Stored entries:
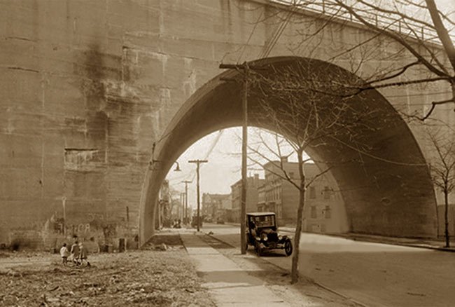 the noontime lunch trolley to Ernie's was forced to drop its spreader bars to clear the line.
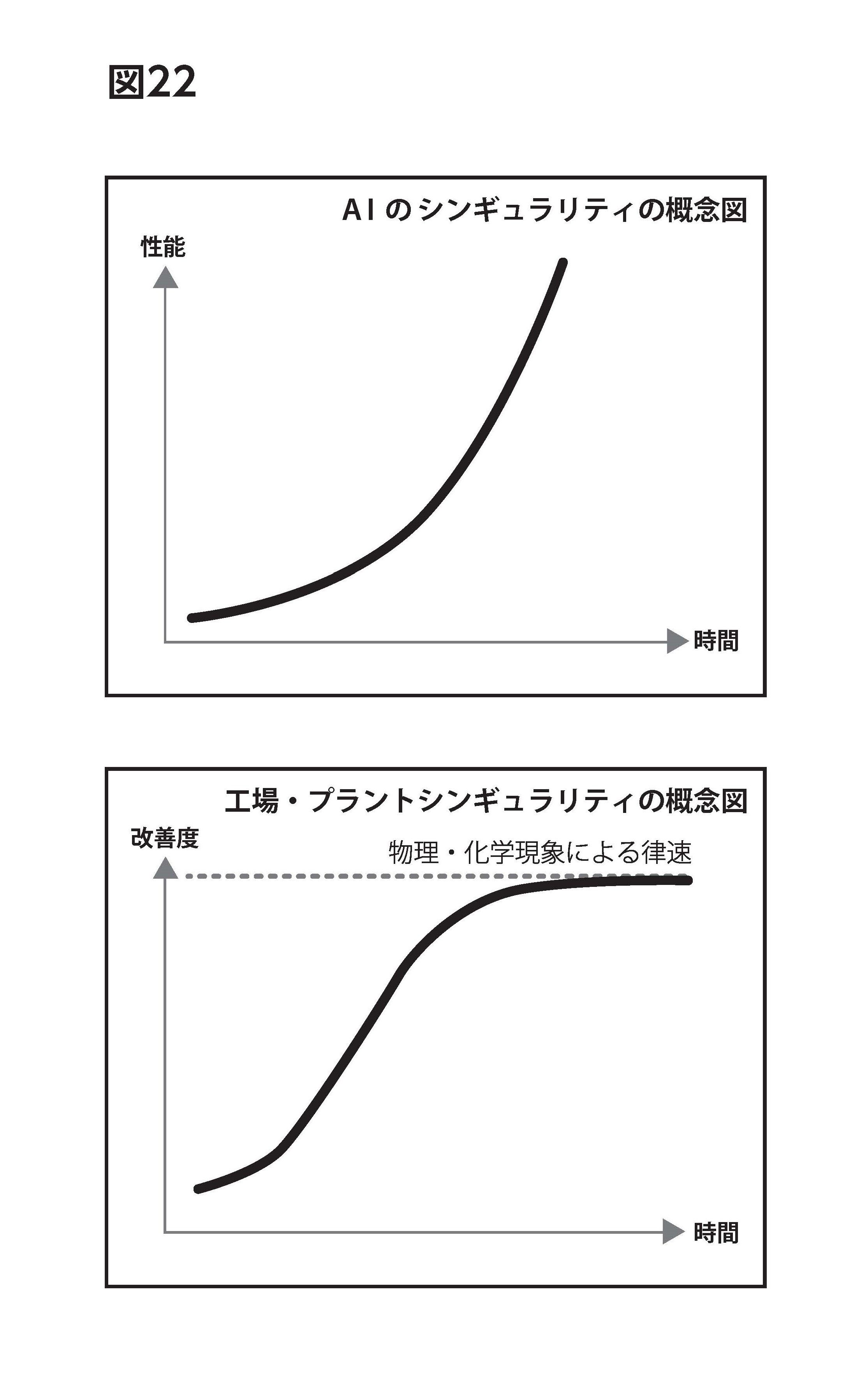 AIによる自律PDCAループの美しい点は、工場・プラントが、自分自身を改善していくというところです。AIがもしも自分自身を改善できるとした場合、AIは無限に性能を上げてついには人間を超えていくという概念は、AIのシンギュラリティ(特異点)と呼ばれます。このAIのシンギュラリティと同じように、工場・プラントが自分自身を自律的に永久に改善していく概念は、製造業における「工場・プラントシンギュラリティ」と呼べるものです。自律PDCAループはAIシンギュラリティの製造業版プラントの持つ能力を最大限発揮する(つまりそれ以上の改善の余地が無くなる)状態へ自律的に到達することになります(図22)。
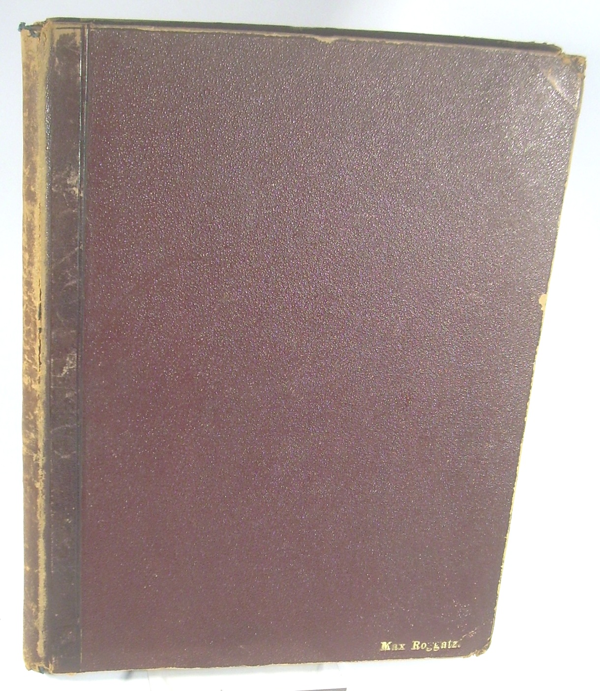32x25 cm, 17 Hefte in 1 Band, zusammen ca. 290 Seiten. (Vom vorletzten Heft "Chansons" fehlt das Titelblatt mit der 1. Notenseite). Halblederband der Zeit mit goldgeprägtem Namen auf dem Vorderdeckel, berieben, vorderes Gelenk angebrochen, Vorsatz mit handschriftlicher Widmung von 1905. Druck auf billigem dünnen Papier, Seiten vereinzelt mit Bleistiftanstreichungen.
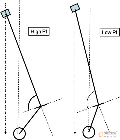 骨盆映射角(pelvic incidence,PI)正常在成年后恒定不变,文献报道PI值与AS单节段腰椎截骨矫形术后矢状位失衡有较大的相关性,高PI值对AS患者畸形的影响如下示意图所示。
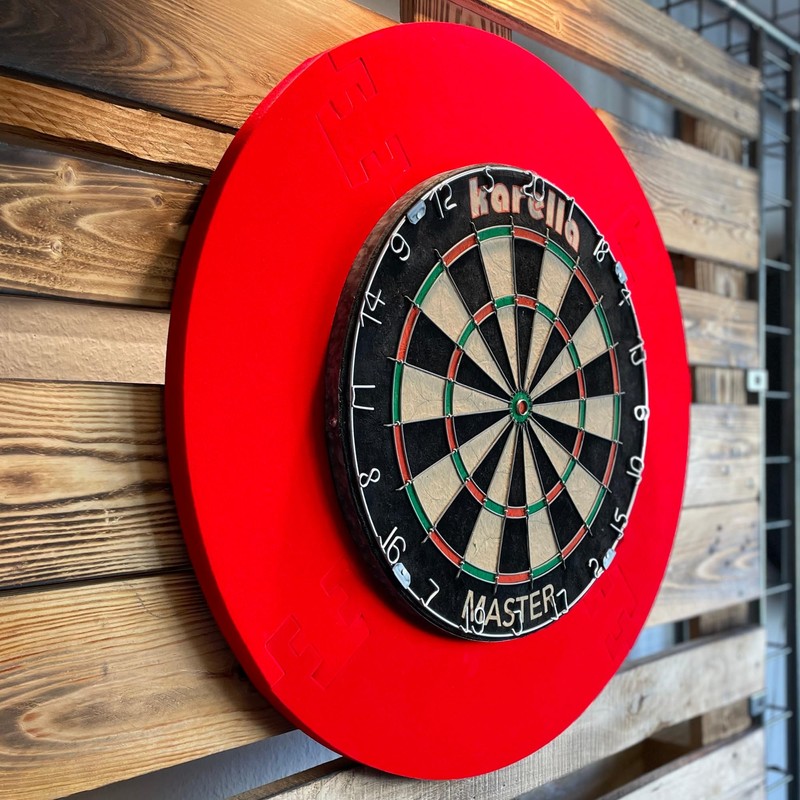 - The red 4-piece surround protects the wall surface, darts and the floor from bouncing or misthrown darts
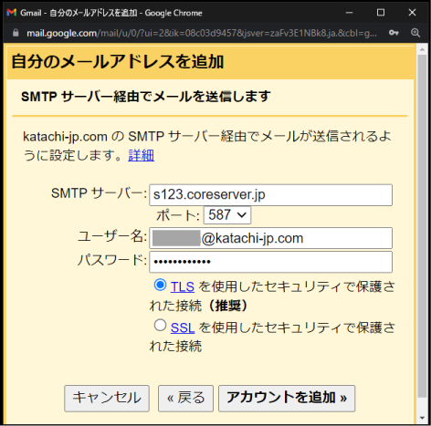 ユーザー名: (発行した形メールアカウント)@katachi-jp.com
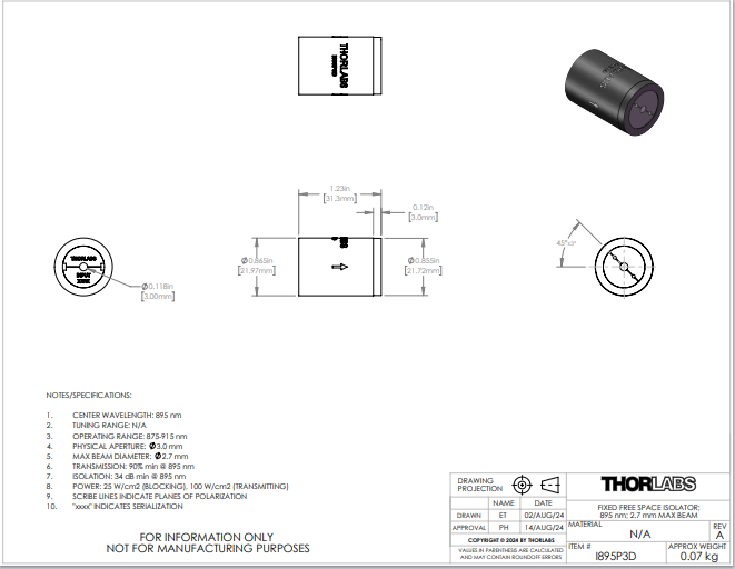 Thorlabs索雷博 I895P3D - 自由空间隔离器

What needs to be done: Every line above is to be reproduced verbatim, and the pictures are to be omitted.

Response:
 the noontime lunch trolley to Ernie's was forced to drop its spreader bars to clear the line.
 AIによる自律PDCAループの美しい点は、工場・プラントが、自分自身を改善していくというところです。AIがもしも自分自身を改善できるとした場合、AIは無限に性能を上げてついには人間を超えていくという概念は、AIのシンギュラリティ(特異点)と呼ばれます。このAIのシンギュラリティと同じように、工場・プラントが自分自身を自律的に永久に改善していく概念は、製造業における「工場・プラントシンギュラリティ」と呼べるものです。自律PDCAループはAIシンギュラリティの製造業版プラントの持つ能力を最大限発揮する(つまりそれ以上の改善の余地が無くなる)状態へ自律的に到達することになります(図22)。
32x25 cm, 17 Hefte in 1 Band, zusammen ca. 290 Seiten. (Vom vorletzten Heft "Chansons" fehlt das Titelblatt mit der 1. Notenseite). Halblederband der Zeit mit goldgeprägtem Namen auf dem Vorderdeckel, berieben, vorderes Gelenk angebrochen, Vorsatz mit handschriftlicher Widmung von 1905. Druck auf billigem dünnen Papier, Seiten vereinzelt mit Bleistiftanstreichungen.
 骨盆映射角(pelvic incidence,PI)正常在成年后恒定不变,文献报道PI值与AS单节段腰椎截骨矫形术后矢状位失衡有较大的相关性,高PI值对AS患者畸形的影响如下示意图所示。
 - The red 4-piece surround protects the wall surface, darts and the floor from bouncing or misthrown darts
 ユーザー名: (発行した形メールアカウント)@katachi-jp.com
 Thorlabs索雷博 I895P3D - 自由空间隔离器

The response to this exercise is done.